Res
judicata resulting
from an arbitral award can be raised between the parties, either before a State
court, or before an arbitral tribunal. Before a State court this essentially
raises the question of determining if such (positive) effects of res judicata are limited to the decision
itself or extend to the reasons set out in the award; it is proposed that res judicata should attach only to decisive
reasons, but not to others. If res judicata resulting from an award is invoked before an
arbitral tribunal, three situations must be distinguished. First situation: a
partial award has been rendered by an arbitral tribunal which must then issue a
final award. In such circumstances the effects of res judicata extend to all the reasons of
the partial award. Second situation: the award has ruled on the very dispute of
which a second arbitral tribunal has been seised by a party who is dissatisfied
with the result. The defence of res judicata, if this is raised, should in principle be allowed.

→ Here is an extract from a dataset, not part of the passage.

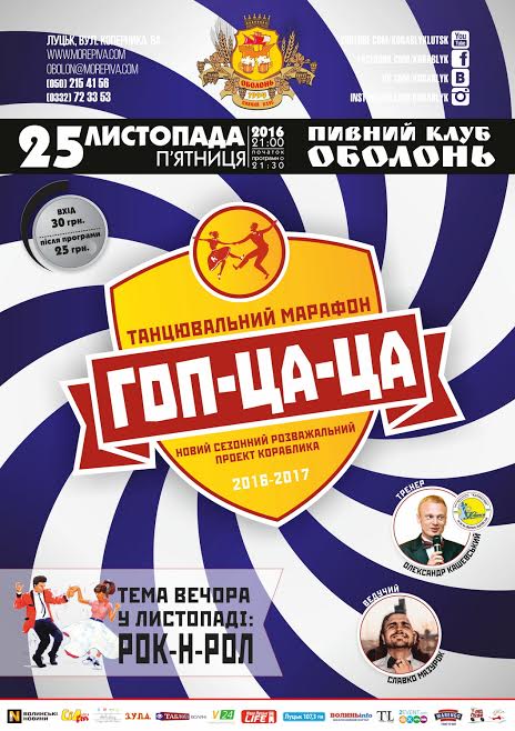 «Колись у Кораблику ми вже робили танцювальні майстер-класи у вигляді розважально-кумедних вечірок. Ми вирішили знову повернути давню фішку і надати їй нове життя із професіоналами своєї сфери – мегатанцюристом Волині Олександром Кашевським і крутим ведучим Славком Мазурком. Щомісяця у «Гоп-Ца-Ца» буде новий стиль танцю, чудові призи від партнерів Кораблика, а в кінці сезону фінал забави з крутезними подарунками! У листопаді ми обрали темою для танців відривний рок-н-рол. Тому запрошуємо гарно провести вечір п’ятниці – з користю та позитивом», – кажуть організатори.

Nevertheless the defendant could argue that the award is flawed, which raises
for the tribunal delicate questions; it can circumvent these by staying its
decision, if a State court has been seised of an application to annul the
award; if this is not annulled, it will treat the award as valid (except in
special circumstances). It is argued in this article that the sanction for an
unjustified failure to allow the res judicata defence should be annulment of the award by reason
of the arbitral tribunal’s lack of jurisdiction. Third situation: the award is
relied upon before a tribunal seised of a different dispute from that in which
an award has already been rendered. The issue here is the positive res judicata effect. It is suggested, contrary
to the position adopted by a resolution of the International Law Association,
that this should not extend to non decisive reasons.